O engenheiro Luis Roberto Andrade Ponte, presidente do Conselho Deliberativo da SERGS, coordenador do evento, defendeu o respeito à Constituição que rege que, uma vez ocorrido o desequilíbrio econômico- financeiro, surge para o contratante o dever de restabelecer a relação de equivalência firmada entre encargos (custo) e remuneração (preço). “É preciso respeitar a Constituição que está acima de tudo”, enfatizou. “ Não tem lei que seja acima dela, não tem consultoria, não tem nada em qualquer estado, município ou União”.


No primeiro painel do evento, o engenheiro Rafael Sacchi, presidente do SICEPOT-RS, mostrou por meio de um gráfico, as razões dos desequilíbrios dos contratos de obras com o poder público.
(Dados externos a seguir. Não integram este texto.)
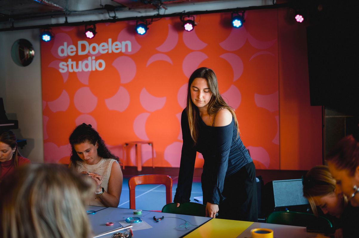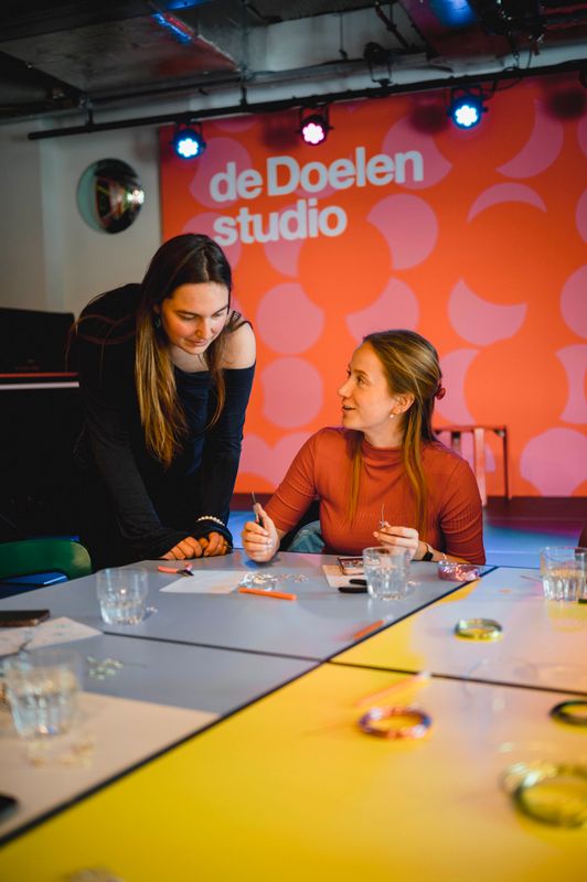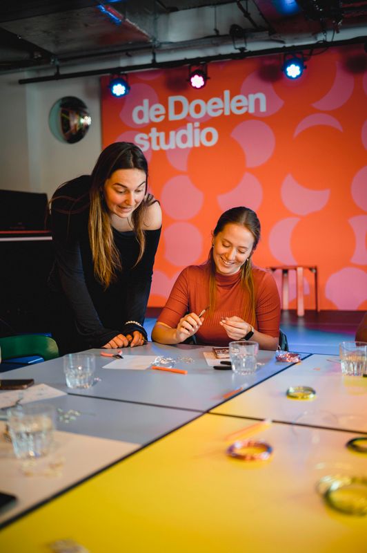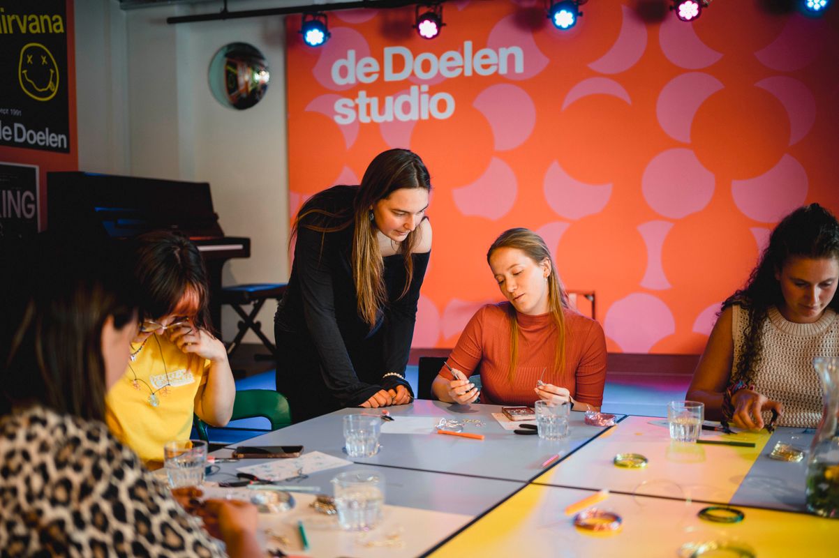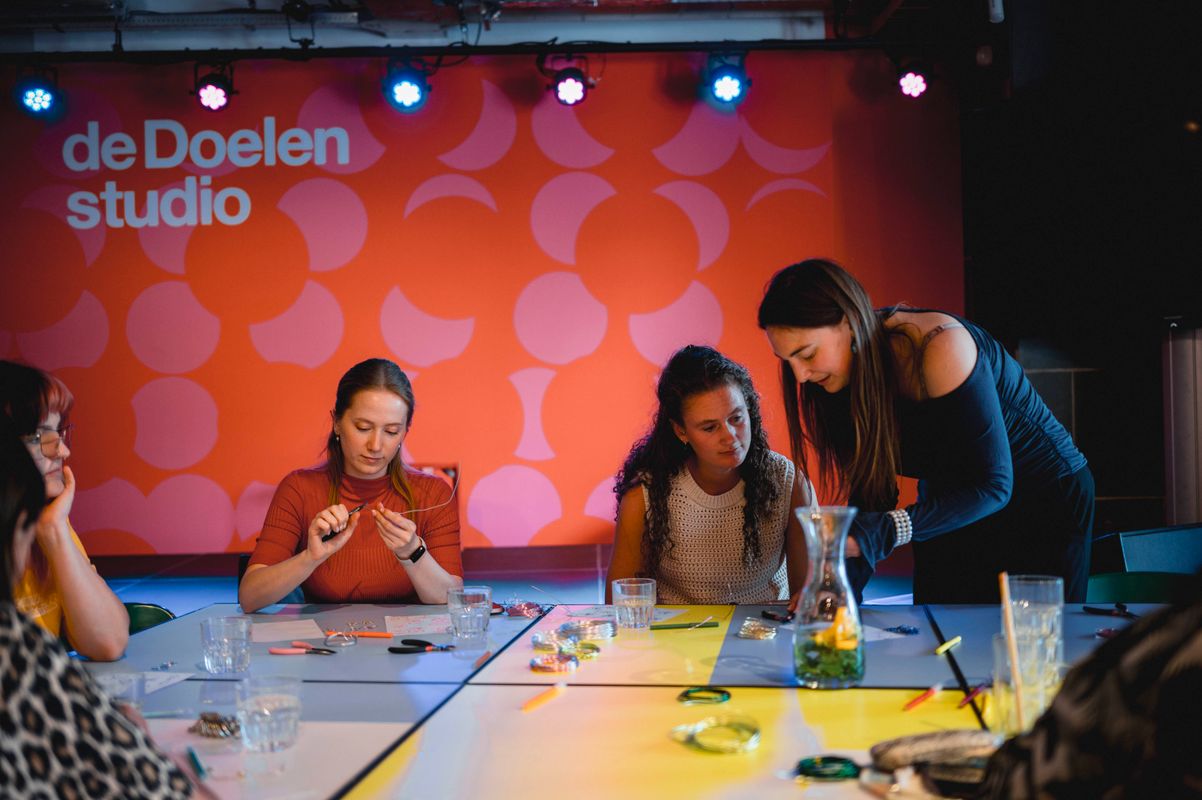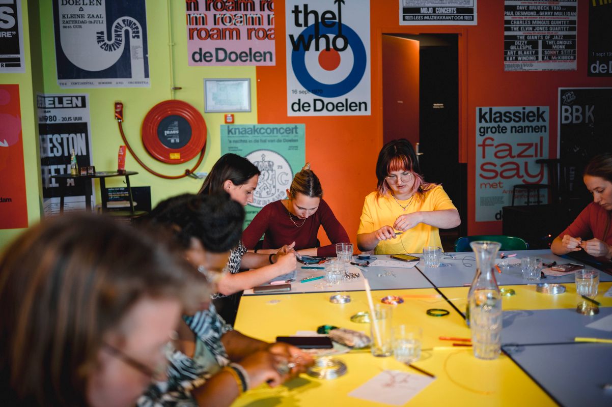 Een serie creatieve sessies in de Doelen Studio: Lilian Beentjes leerde deelnemers sieraden maken van aluminium, met oog voor detail en ruimte voor experiment.

“Temos hoje o índice inflacionário que provoca a perda do poder aquisitivo das pessoas, o que é muito grave porque não se consegue remunerá-las na proporção em que elas precisam para a sua sobrevivência”, afirmou.
Ele continuou: “Por extensão, esse é exatamente o problema enfrentado pelo setor devido ao tempo dos contratos e o que está acontecendo no mercado hoje com os preços dos insumos, como óleo diesel, cimento, asfalto, ferro fundido, itens que vêm subindo de preço diariamente e geram prejuízos insuportáveis”.

“A administração pública é bancada pelo particular. As despesas de um contrato começam a correr no marco erro temporal. Os particulares financiam o ente público. Isso se dá até o atingimento do equilíbrio da proposta. Quando as receitas começam a superar as despesas, com o passar do tempo, em algum momento o resultado atingirá o ponto zero (momento de empate ficto entre receitas e despesas já incorridas economicamente), momento a partir do qual a empresa começa a ter resultado. Com a situação atual ficou muito difícil chegarmos a ponto zero”, acrescentou. O evento contou ainda com a presença do vice-presidente da FIERGS, engenheiro Ricardo Portella, do presidente da Comissão de Infraestrutura (COINFRA) da CBIC, Carlos Eduardo Lima Jorge, e do advogado da CBI, Dr. Fernando Vernalha. Reuniu, ainda, representantes da Secretaria dos Transportes, DAER, DNIT, DMAE, Tribunal de Contas do Estado, Prefeituras Municipais e outros órgãos.”